Derivative of trace squared and trace of a matrix squared? Going through the matrix cookbook and other resources I can't find an algebraic proof of the following, if $f:\mathbb{R}^{n\times n} \to \mathbb{R}$ and $F:\mathbb{R}^{n\times n} \to \mathbb{R}$ and $H\in\mathbb{R}^{n\times n}$such that
$$
f(A) :=\left( \text{tr}[A]^2 \right) \text{ and } F(A):= \left( \text{tr}[A^2]\right).
$$
It then asks to calculate $\partial_H f(A)$ and $\partial_H F(A)$ but I can't figure the algebra out and I'm stuck on both.

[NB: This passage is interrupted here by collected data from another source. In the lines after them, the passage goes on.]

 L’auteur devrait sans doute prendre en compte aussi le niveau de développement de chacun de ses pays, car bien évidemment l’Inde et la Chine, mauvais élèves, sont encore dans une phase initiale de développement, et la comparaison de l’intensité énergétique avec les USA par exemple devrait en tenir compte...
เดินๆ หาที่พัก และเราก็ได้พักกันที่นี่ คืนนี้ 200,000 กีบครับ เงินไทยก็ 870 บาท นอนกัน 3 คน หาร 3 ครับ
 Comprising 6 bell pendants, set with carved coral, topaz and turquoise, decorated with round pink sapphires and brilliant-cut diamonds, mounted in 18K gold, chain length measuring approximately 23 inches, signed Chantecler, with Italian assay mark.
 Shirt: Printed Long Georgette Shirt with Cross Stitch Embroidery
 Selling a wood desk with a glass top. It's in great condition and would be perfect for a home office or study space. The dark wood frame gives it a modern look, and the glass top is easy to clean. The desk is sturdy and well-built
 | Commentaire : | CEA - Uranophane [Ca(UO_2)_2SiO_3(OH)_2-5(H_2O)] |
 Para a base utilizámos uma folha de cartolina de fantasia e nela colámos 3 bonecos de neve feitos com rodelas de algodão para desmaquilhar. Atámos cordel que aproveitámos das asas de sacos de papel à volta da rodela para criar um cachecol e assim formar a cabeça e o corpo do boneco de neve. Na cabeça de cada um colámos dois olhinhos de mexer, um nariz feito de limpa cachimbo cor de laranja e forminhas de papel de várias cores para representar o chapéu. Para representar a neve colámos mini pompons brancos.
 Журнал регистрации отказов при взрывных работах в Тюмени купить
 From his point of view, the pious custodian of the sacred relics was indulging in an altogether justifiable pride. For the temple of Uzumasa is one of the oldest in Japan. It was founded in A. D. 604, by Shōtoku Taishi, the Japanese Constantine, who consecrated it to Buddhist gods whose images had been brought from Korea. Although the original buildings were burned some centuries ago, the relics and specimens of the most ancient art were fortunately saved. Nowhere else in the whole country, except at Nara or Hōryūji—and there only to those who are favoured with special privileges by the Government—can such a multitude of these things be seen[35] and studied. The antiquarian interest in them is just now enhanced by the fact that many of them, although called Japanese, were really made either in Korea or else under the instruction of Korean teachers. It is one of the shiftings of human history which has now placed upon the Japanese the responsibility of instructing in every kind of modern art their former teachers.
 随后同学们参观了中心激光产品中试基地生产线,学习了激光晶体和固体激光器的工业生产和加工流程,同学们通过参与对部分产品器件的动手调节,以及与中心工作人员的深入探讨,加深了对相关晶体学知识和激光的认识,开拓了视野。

 A: Most of the calculation relies on linearity of trace.
For the first one,
\begin{align*}
(D_Hf)(A) &= \lim_{t \to 0} \frac{\operatorname{tr}[A + tH]^2 - \operatorname{tr}[A]^2}{t}\\
&= \lim_{t \to 0} \frac{\left(\operatorname{tr}[A] + \operatorname{tr}[tH]\right)^2 - \operatorname{tr}[A^2]}{t}\\
&= \lim_{t \to 0} \frac{\operatorname{tr}[A]^2 + 2 \operatorname{tr}[A]\operatorname{tr}[tH] + \operatorname{tr}[tH]^2 - \operatorname{tr}[A^2]}{t}\\
&= \lim_{t \to 0} \frac{2 t \operatorname{tr}[A]\operatorname{tr}[H] + t^2\operatorname{tr}[H]^2 }{t}\\
&= 2\operatorname{tr}[A]\operatorname{tr}[H].
\end{align*}
For the second one,
\begin{align*}
(D_H F)(A) &= \lim_{t \to 0} \frac{\operatorname{tr}[(A + tH)^2] - \operatorname{tr}[A^2]}{t}\\
&= \lim_{t \to 0} \frac{\operatorname{tr}[A^2 + t(AH + HA) + t^2H^2] - \operatorname{tr}[A^2]}{t}\\
&= \lim_{t \to 0} \frac{\operatorname{tr}[A^2] + t\operatorname{tr}[(AH + HA)] + t^2\operatorname{tr}[H^2] - \operatorname{tr}[A^2]}{t}\\
&= \lim_{t \to 0} \frac{t\operatorname{tr}[(AH + HA)] + t^2\operatorname{tr}[H^2]}{t}\\
&=\operatorname{tr}[AH + HA]\\
&=2\operatorname{tr}[AH].
\end{align*}